◆ **ASSIGNED TASK**
Only one stretch of the material below is wanted: everything from the line containing "Você também pode criar" down to the line containing "за увозно царинење.", both ends included. Repeat it exactly and skip the pictures.

◆ **TASK INPUTS**
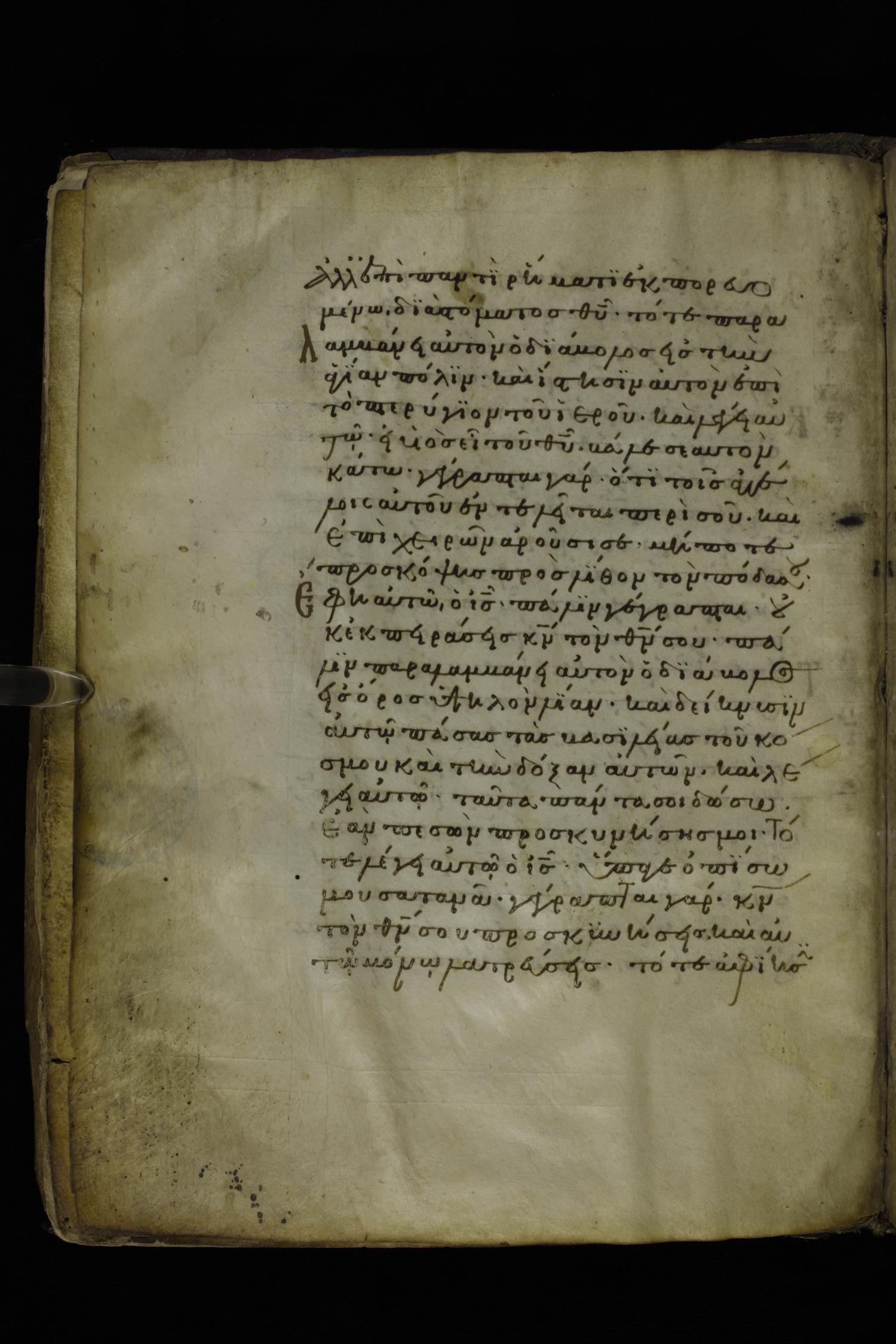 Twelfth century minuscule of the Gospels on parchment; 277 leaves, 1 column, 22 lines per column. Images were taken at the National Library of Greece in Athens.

--

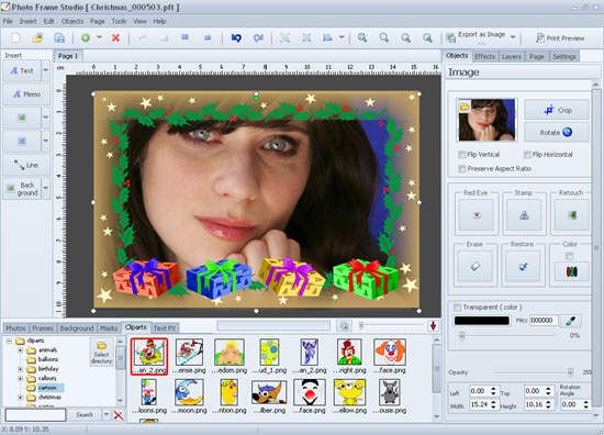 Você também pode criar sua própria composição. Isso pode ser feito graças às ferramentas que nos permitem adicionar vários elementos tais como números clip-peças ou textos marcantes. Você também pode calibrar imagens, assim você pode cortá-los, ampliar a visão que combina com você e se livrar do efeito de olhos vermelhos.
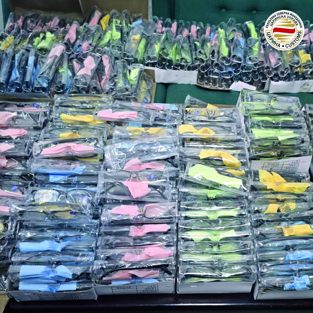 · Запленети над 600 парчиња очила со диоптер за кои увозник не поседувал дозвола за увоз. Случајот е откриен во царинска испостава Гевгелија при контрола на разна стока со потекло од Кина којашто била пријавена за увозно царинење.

---

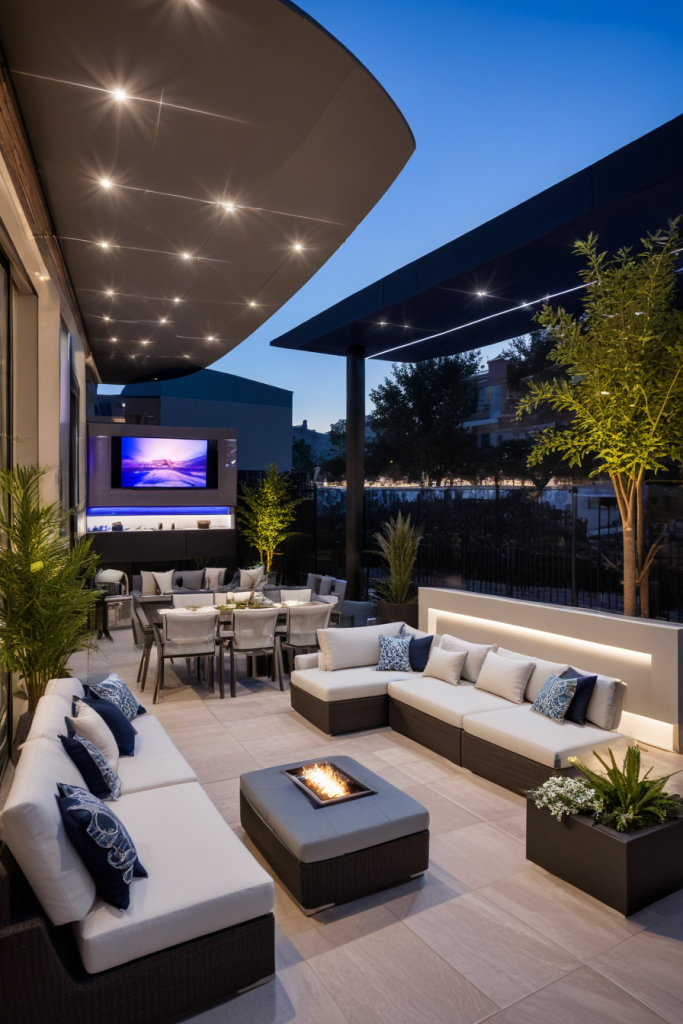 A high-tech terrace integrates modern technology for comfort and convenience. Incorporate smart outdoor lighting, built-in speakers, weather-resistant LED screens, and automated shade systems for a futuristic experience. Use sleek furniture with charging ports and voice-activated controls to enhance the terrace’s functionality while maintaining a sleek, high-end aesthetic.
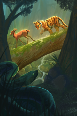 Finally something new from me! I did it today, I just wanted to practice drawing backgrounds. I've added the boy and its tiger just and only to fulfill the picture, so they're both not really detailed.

◆ **THE ANSWER**
 Você também pode criar sua própria composição. Isso pode ser feito graças às ferramentas que nos permitem adicionar vários elementos tais como números clip-peças ou textos marcantes. Você também pode calibrar imagens, assim você pode cortá-los, ampliar a visão que combina com você e se livrar do efeito de olhos vermelhos.
 · Запленети над 600 парчиња очила со диоптер за кои увозник не поседувал дозвола за увоз. Случајот е откриен во царинска испостава Гевгелија при контрола на разна стока со потекло од Кина којашто била пријавена за увозно царинење.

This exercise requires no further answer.